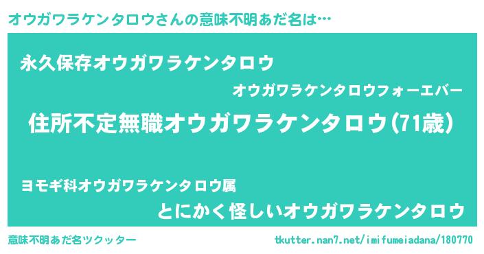 | 欧米人風あだ名 | 『ダレノガレオウガワラケンタロウ』 |
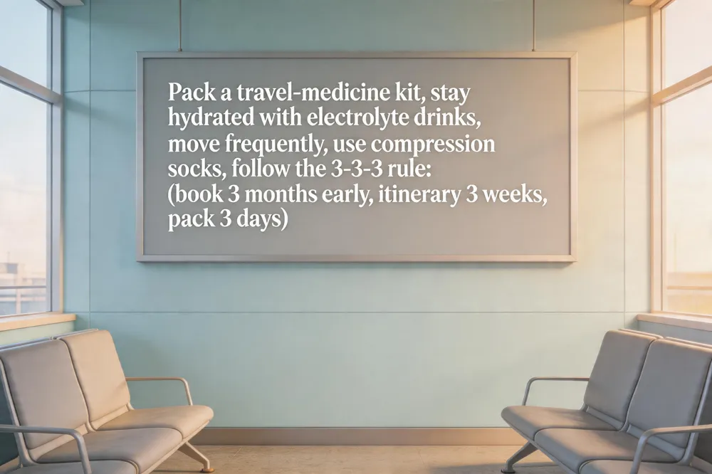 Traveling across continents can be exhilarating, but the dry cabin air (10‑20 % humidity) quickly saps fluids, amplifying fatigue and jet‑lag. Start by prioritizing hydration: sip a refillable bottle of water‑plus‑electrolytes before boarding, continue steady sips during the flight, and re‑hydrate with a balanced electrolyte drink after landing. Pack a compact travel‑medicine kit that includes pain relievers, motion‑sickness tablets, allergy meds, electrolyte packets, and a sanitizer with ≥ 60 % alcohol for frequent hand‑washing. Keep circulation moving—walk the aisles, stretch in the bathroom, use compression socks, and schedule short walks or light jogs each day. For skin and immune protection, apply a lightweight, antioxidant‑rich moisturizer, consider a quick spa treatment such as a massage or sauna, and supplement with IV blends that contain magnesium, vitamin C, zinc, and B‑complex vitamins for rapid re‑hydration and immune support. Follow the 3‑3‑3 rule: book flights 3 months early, finalize itineraries 3 weeks before departure, and pack 3 days ahead. This organized approach reduces stress, saves money, and ensures you arrive refreshed and ready to enjoy your destination.
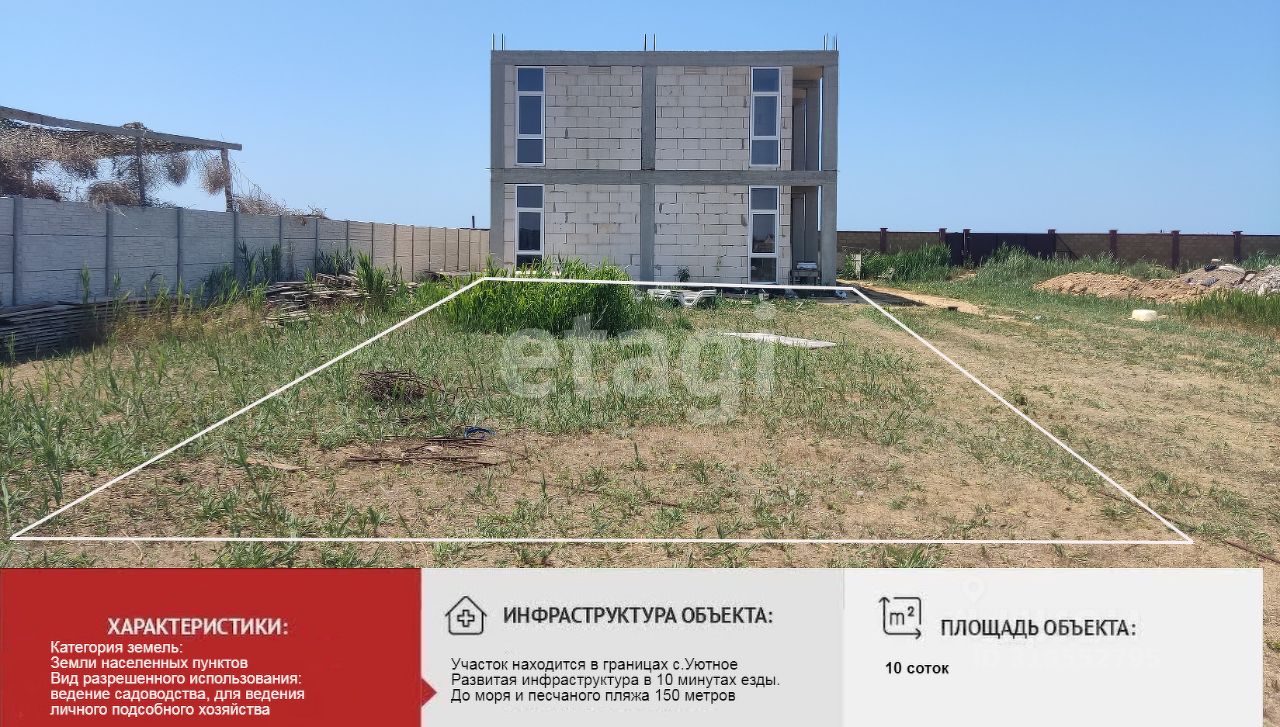 Участок расположен в перспективно развивающемся районе с. Уютное, идет активная застройка  имеются соседи. Земельный участок ровный. Заезд на участок возможен с двух сторон, проведено межевание.

===

About this exercise – Quote the listing above in full, except for the pictures.

Exercise response –
 | 欧米人風あだ名 | 『ダレノガレオウガワラケンタロウ』 |
 Traveling across continents can be exhilarating, but the dry cabin air (10‑20 % humidity) quickly saps fluids, amplifying fatigue and jet‑lag. Start by prioritizing hydration: sip a refillable bottle of water‑plus‑electrolytes before boarding, continue steady sips during the flight, and re‑hydrate with a balanced electrolyte drink after landing. Pack a compact travel‑medicine kit that includes pain relievers, motion‑sickness tablets, allergy meds, electrolyte packets, and a sanitizer with ≥ 60 % alcohol for frequent hand‑washing. Keep circulation moving—walk the aisles, stretch in the bathroom, use compression socks, and schedule short walks or light jogs each day. For skin and immune protection, apply a lightweight, antioxidant‑rich moisturizer, consider a quick spa treatment such as a massage or sauna, and supplement with IV blends that contain magnesium, vitamin C, zinc, and B‑complex vitamins for rapid re‑hydration and immune support. Follow the 3‑3‑3 rule: book flights 3 months early, finalize itineraries 3 weeks before departure, and pack 3 days ahead. This organized approach reduces stress, saves money, and ensures you arrive refreshed and ready to enjoy your destination.
 Участок расположен в перспективно развивающемся районе с. Уютное, идет активная застройка  имеются соседи. Земельный участок ровный. Заезд на участок возможен с двух сторон, проведено межевание.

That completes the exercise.